George Mason, argued on behalf of the “anti-federalists” that there was too much left to interpretation what may or may not be construed as a right if it was not explicitly entered in the Constitution.

James Madison countered for the federalist side that if you insist upon including a bill of rights the separate states could argue that other rights could not be considered.

Subsequent to the ratification in 1790, the states debated 11 days about the inclusion of 12 rights to be included in the Constitution. Two of those were defeated and 10 remained and approved. Those 10 became the official Bill Of Rights and were signed on the same day, December 15, 1791. Yay!

The Ninth Amendment was the “savings clause”, that rights not specifically listed in the Constitution were not necessarily excluded. In other words, the Bill of Rights was understood to not only protect those rights listed but also others that fell in their shadows, not to be ignored but considered in future court cases.

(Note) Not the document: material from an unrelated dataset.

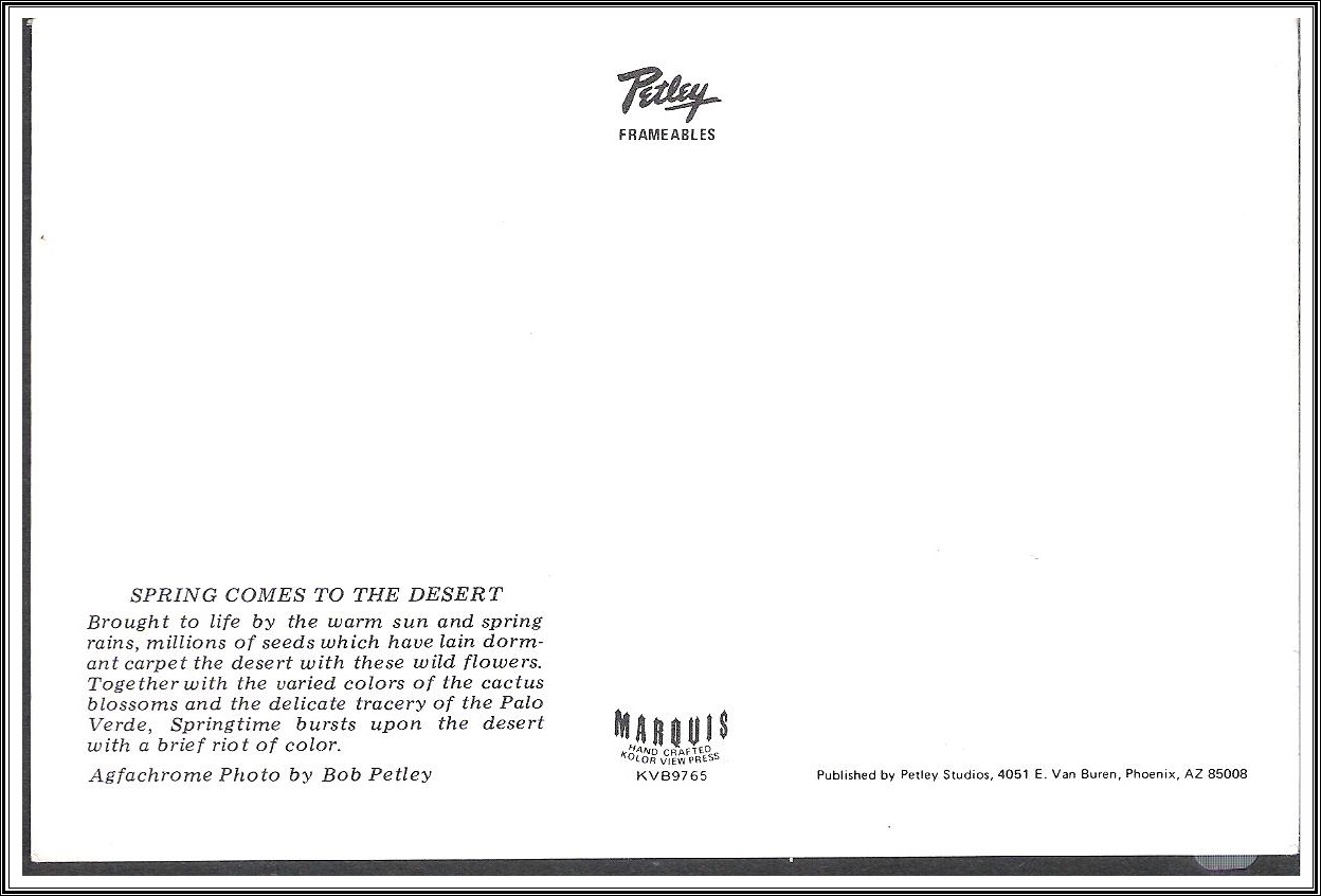 Type: Agfachrome Date: Publisher: Petley Photographer: Bob Petley Description: Spring Comes to the Desert Condition: Unaddressed - Continental Size

Wow. That was a fortunate compromise for everyone. The states that wanted a Bill of Rights included, succeeded. The states that felt that a Bill of Rights would weaken the power of the federal government, never-the-less, won approval for the final Constitution with the Bill of Rights attached.

But wait – there’s more.

The vote to ratify the constitution only needed 9 of the 13 states (3/4) to approve. Three states did not sign it until, drum roll please, 1939, the 150th anniversary of the final approval. Those three were Massachusetts, Connecticut and Georgia who had not actually sent their written approvals to Congress. Why? Because the Constitution was already law so why bother. It took them 150 years to join the crowd.